A mudança do local da usina é polêmica. O consórcio Jirau Energia, liderado por Furnas e Odebrecht e derrotado na disputa, já sinalizou que, se a mudança fosse validada pelo governo, entraria na Justiça para contestá-la. Procurado, o consórcio afirmou que causou estranheza a notícia de que a licença será liberada, mas que apenas vai se manifestar após analisar com cuidado o teor da autorização.

Na segunda-feira, antes mesmo da emissão da licença, o Ministério Público Federal (MPF) em Mato Grosso entrou na Justiça com uma ação civil pública contra o diretor-geral da Agência Nacional de Energia Elétrica (Aneel), Jerson Kelman, acusando-o de improbidade administrativa no caso de Jirau.

Fontes que tiveram acesso à ação revelaram que a acusação se refere à manifestação feita por Kelman, antes da emissão da licença ambiental pelo Ibama, a favor da autorização da usina. Questionado sobre a ação do MPF, Kelman afirmou que a Aneel vai recorrer na Justiça contra a ação.
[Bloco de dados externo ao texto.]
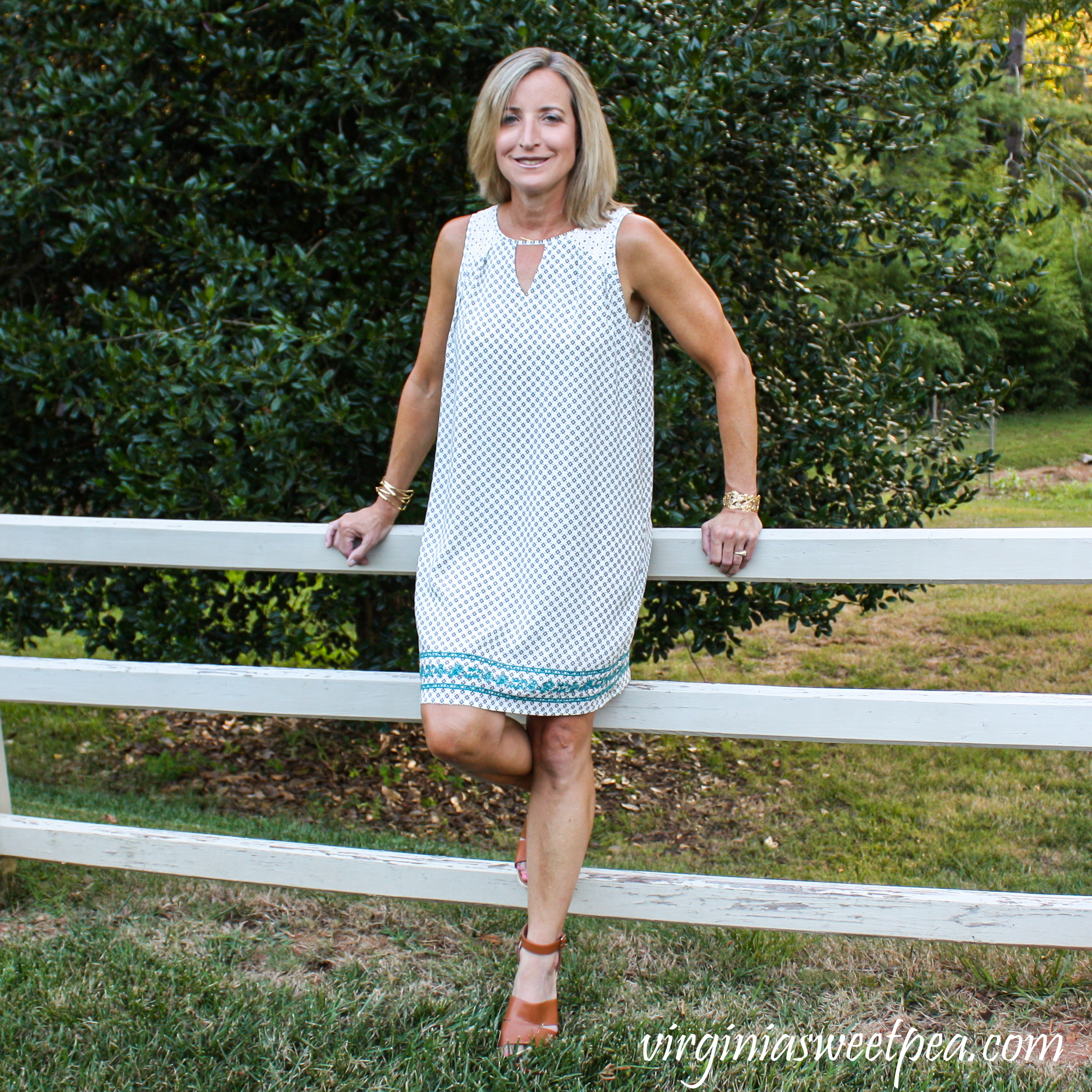I paired this THML Jamey Eyelet Detail Embroidered Dress with shoes from Walmart that are a knockoff of a popular Sam Edelman style.  You can’t beat Walmart’s $19.99 price with free shipping to the store!  Stitch Fix Review for August 2019 - THML Jamey Eyelet Detail Embroidered DressAll of the other jewelry that I’m wearing in this post is from Rocksbox.  Rocksbox is a jewelry subscription service that sends three pieces of jewelry that you can wear for as long as you like each month.  When you send your three pieces back, or buy what you like, a new box is sent.  If you’d like a free month of Rocksbox, sign up with this code: PAULABFF54.  I rejoined Rocksbox a year ago in January and I love their service.  I’ve received the cutest jewelry and have purchased quite a few items.

"Imagine que um servidor público, que alerta para o risco de poluição da atmosfera e de aumento de preço para o consumidor e recomenda ao Ibama que na sua análise (sobre Jirau) leve em consideração não apenas os aspectos locais, mas todos os aspectos nacionais e globais, pode ser acusado de improbidade administrativa. Vou me defender", disse.
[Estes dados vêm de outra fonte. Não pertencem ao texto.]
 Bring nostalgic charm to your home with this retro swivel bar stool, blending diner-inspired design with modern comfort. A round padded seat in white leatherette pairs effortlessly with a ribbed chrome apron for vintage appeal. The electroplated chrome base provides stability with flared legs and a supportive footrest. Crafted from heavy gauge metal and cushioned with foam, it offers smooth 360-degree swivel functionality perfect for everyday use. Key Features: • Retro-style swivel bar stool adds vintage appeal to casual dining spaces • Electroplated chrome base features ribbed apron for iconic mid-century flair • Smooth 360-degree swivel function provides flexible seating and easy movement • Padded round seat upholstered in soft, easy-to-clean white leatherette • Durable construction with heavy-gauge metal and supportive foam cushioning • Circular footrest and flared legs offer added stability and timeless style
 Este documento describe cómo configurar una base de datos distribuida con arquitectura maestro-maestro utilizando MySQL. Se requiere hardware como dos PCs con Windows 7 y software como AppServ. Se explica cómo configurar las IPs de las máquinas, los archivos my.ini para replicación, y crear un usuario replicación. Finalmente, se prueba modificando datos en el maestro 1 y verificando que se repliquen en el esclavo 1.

Além do MPF, a Comissão de Fiscalização e Controle da Câmara dos Deputados aprovou ontem proposta do deputado Bruno Araújo (PSDB-PE) para investigar o processo de concessão da usina de Jirau. Segundo o deputado, o foco da análise da comissão será a mudança do local de construção da usina. "Queremos saber se o edital foi respeitado ou não", disse ele.

Questionado sobre o fato de a licença ser parcial e se havia sido pressionado, Minc disse que "não houve açodamento" no processo de licenciamento da usina. O ministro também fez questão de dizer que o ministério e o Ibama não entraram na guerra entre a Suez e a Odebrecht. Minc antecipou que o consórcio responsável pela usina terá de investir R$ 36 milhões em obras de habitação em Porto Velho (RO), apoiar planos de prevenção de algumas espécies ameaçadas da região, como a onça-pintada, o boto vermelho e o gato maracajá.
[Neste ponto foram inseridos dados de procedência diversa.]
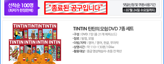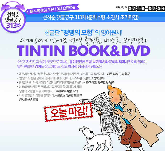 [´ñ±Û°ø±¸] Á¾·á [¼±Âø¼ø ´ñ±Û°ø±¸ 313Â÷] TINTIN BOOK & DVD (±â°£: ~7/24) |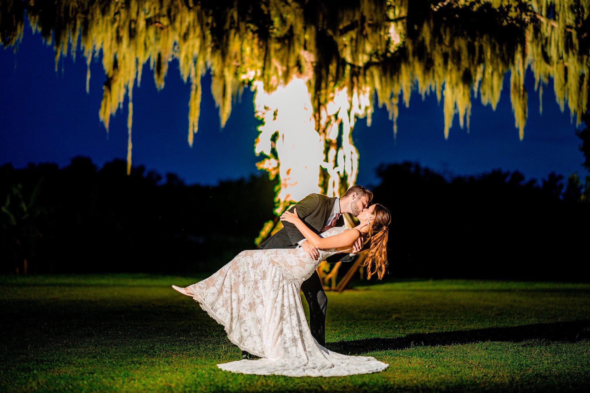 This romantic styled shoot at Worthington For Events brought elegance and creativity together in a space filled with history and southern charm. Alex and Maddie joined us once more in their wedding attire, perfectly embodying modern romance against the backdrop of Worthington’s lakeside garden and rustic architecture. From golden-hour portraits surrounded by Spanish moss to intimate dances beneath the glowing chandelier, every moment reflected the venue’s timeless beauty and storybook atmosphere.

Uma fonte do setor avaliou que, mesmo com a licença, o consórcio não tem condições técnicas de tocar agora a obra, porque as chuvas não permitirão. Procurado, o consórcio Enersus afirmou que tem condições de começar as obras agora e já dispõe de 100 máquinas na região do futuro canteiro e de cerca de 300 pessoas contratadas para começar o trabalho.